Exercise description:
Set every entry down again, unchanged, picture-free.

Entries provided:
-- Opening Marker --

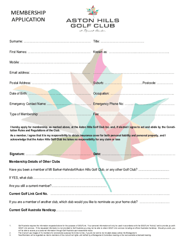 MEMBERSHIP APPLICATIONSurname: Title:. First Names:. Known as: ...... Mobile: ... Email address:.
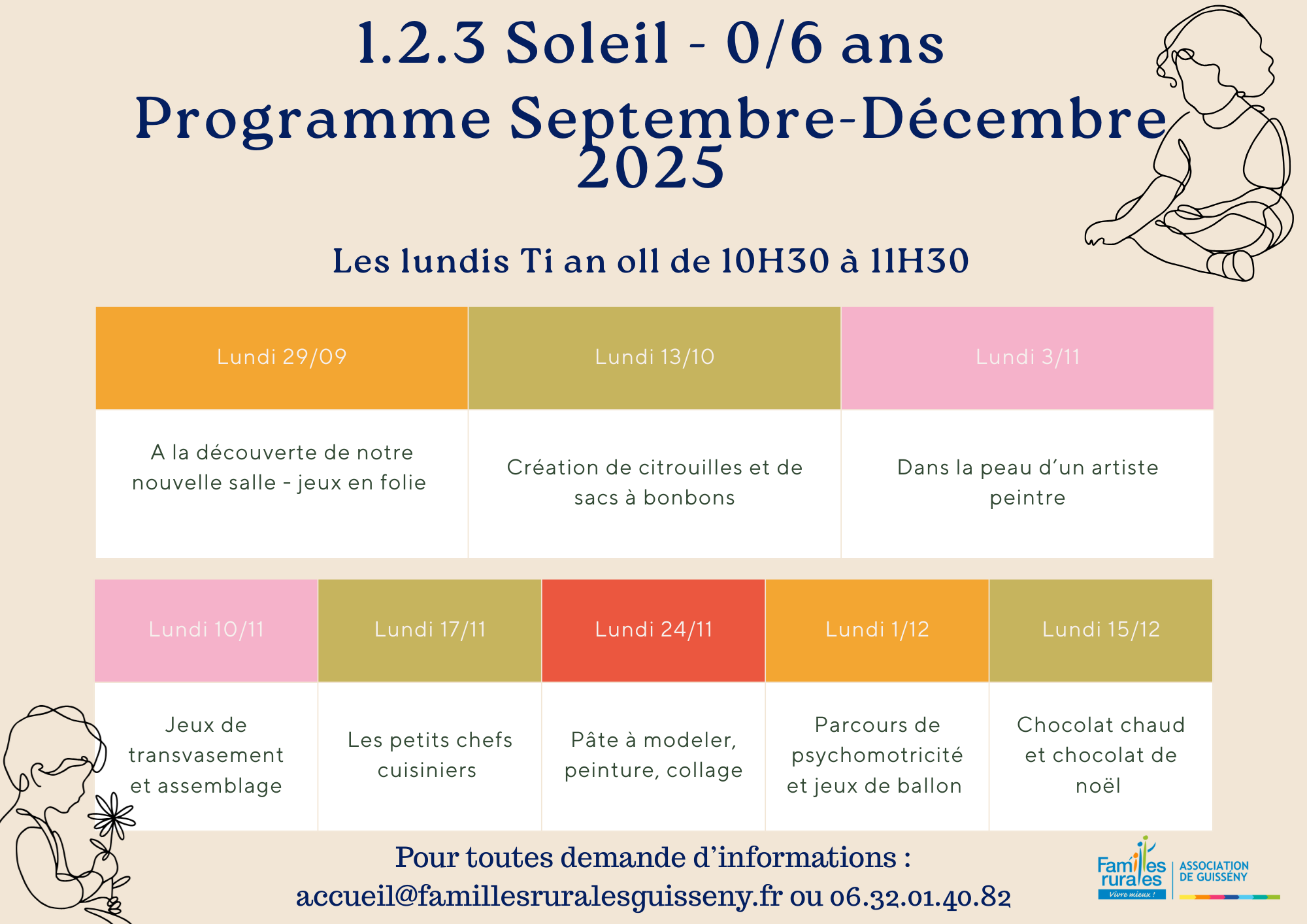 123 Soleil : reprise nouvel horaire 123 Soleil : reprise nouvel horaire Espace de Vie Sociale, Parentalité 123 Soleil : reprise nouvel horaire AFR Guisseny2025-09-26T11:03:24+02:00Catégories : Espace de Vie Sociale, Parentalité|
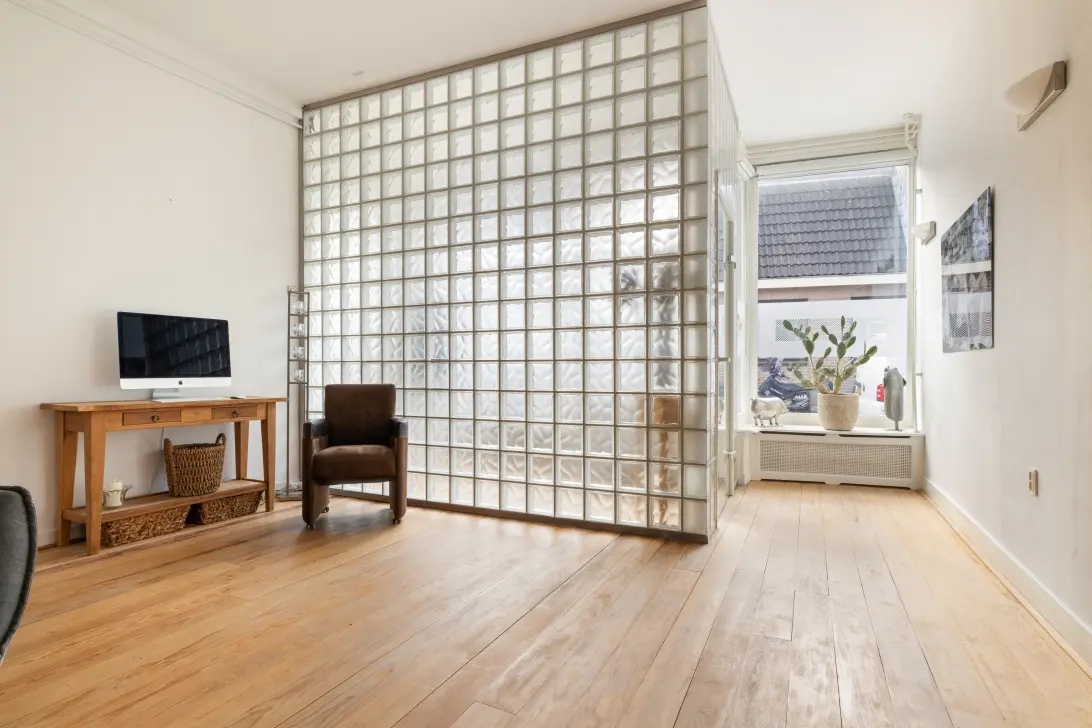 Bij binnenkomst een ruime hal met garderobe. Achter de glazen bakstenen schuilt een royale woonkamer die indruk maakt door de lengte, het licht en de open indeling. De spiltrap staat centraal maar breekt de ruimte niet op waardoor de woonkamer nog groter aanvoelt.
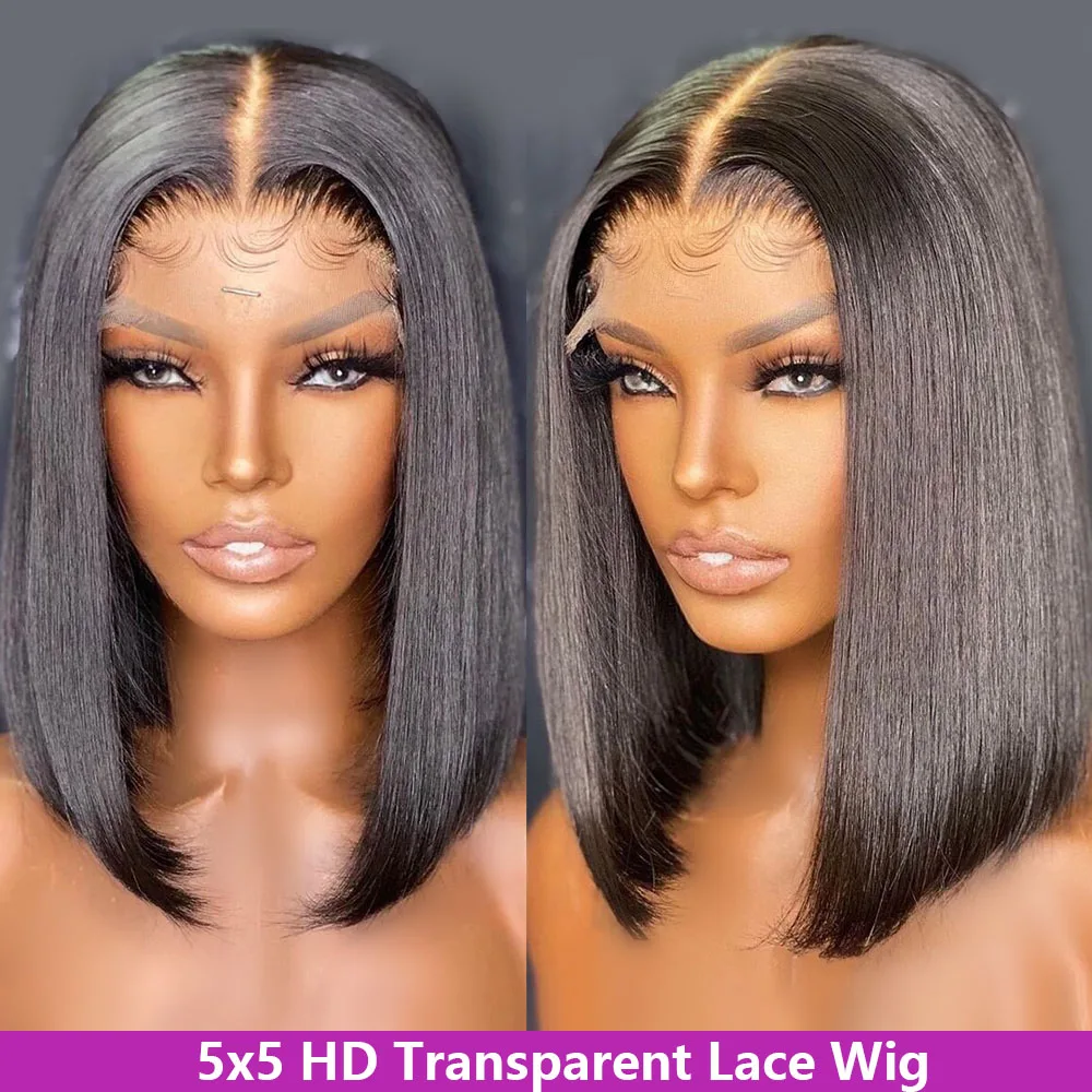 13х4 прозрачный прямой Боб натуральные человеческие волосы парик предварительно выщипывающийся ребенок бразильский фронтальный Remy 4x4 5x5 Закрытие парики черные женщины
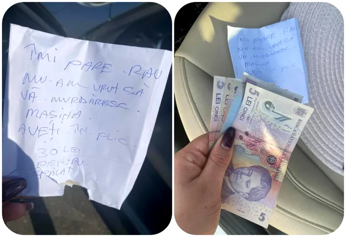 Conducătoarea auto ieșeancă a rămas surprinsă atunci când a citit mesajul de pe plic și a văzut conținutul său. O persoană i-a murdărit autoturismul și, având în vedere disconfortul creat, a decis să îi lase 30 de lei în plic pentru a o spăla. De altfel, a notat următorul mesaj, pe plic: „Îmi pare rău. Nu am vrut să vă murdăresc mașina. Aveți în plic 30 de lei pentru spălat”.
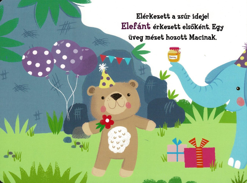 A Hangos cimborák – Boldog születésnapot című interaktív lapozó vidám állatfigurák társaságában ünnepelteti meg a születésnapot. A kemény kartonból készült, lekerekített sarkú oldalak jól bírják a kisgyerekek lelkes lapozgatását, a beépített öt hanggomb pedig igazi partit varázsol: minden jelenethez külön dallam vagy állathang tartozik. A hangmodul egyszerűen kezelhető, a színes illusztrációk közös mesélésre hívnak.

-- Closing Marker --

Finished task:
 MEMBERSHIP APPLICATIONSurname: Title:. First Names:. Known as: ...... Mobile: ... Email address:.
 123 Soleil : reprise nouvel horaire 123 Soleil : reprise nouvel horaire Espace de Vie Sociale, Parentalité 123 Soleil : reprise nouvel horaire AFR Guisseny2025-09-26T11:03:24+02:00Catégories : Espace de Vie Sociale, Parentalité|
 Bij binnenkomst een ruime hal met garderobe. Achter de glazen bakstenen schuilt een royale woonkamer die indruk maakt door de lengte, het licht en de open indeling. De spiltrap staat centraal maar breekt de ruimte niet op waardoor de woonkamer nog groter aanvoelt.
 13х4 прозрачный прямой Боб натуральные человеческие волосы парик предварительно выщипывающийся ребенок бразильский фронтальный Remy 4x4 5x5 Закрытие парики черные женщины
 Conducătoarea auto ieșeancă a rămas surprinsă atunci când a citit mesajul de pe plic și a văzut conținutul său. O persoană i-a murdărit autoturismul și, având în vedere disconfortul creat, a decis să îi lase 30 de lei în plic pentru a o spăla. De altfel, a notat următorul mesaj, pe plic: „Îmi pare rău. Nu am vrut să vă murdăresc mașina. Aveți în plic 30 de lei pentru spălat”.
 A Hangos cimborák – Boldog születésnapot című interaktív lapozó vidám állatfigurák társaságában ünnepelteti meg a születésnapot. A kemény kartonból készült, lekerekített sarkú oldalak jól bírják a kisgyerekek lelkes lapozgatását, a beépített öt hanggomb pedig igazi partit varázsol: minden jelenethez külön dallam vagy állathang tartozik. A hangmodul egyszerűen kezelhető, a színes illusztrációk közös mesélésre hívnak.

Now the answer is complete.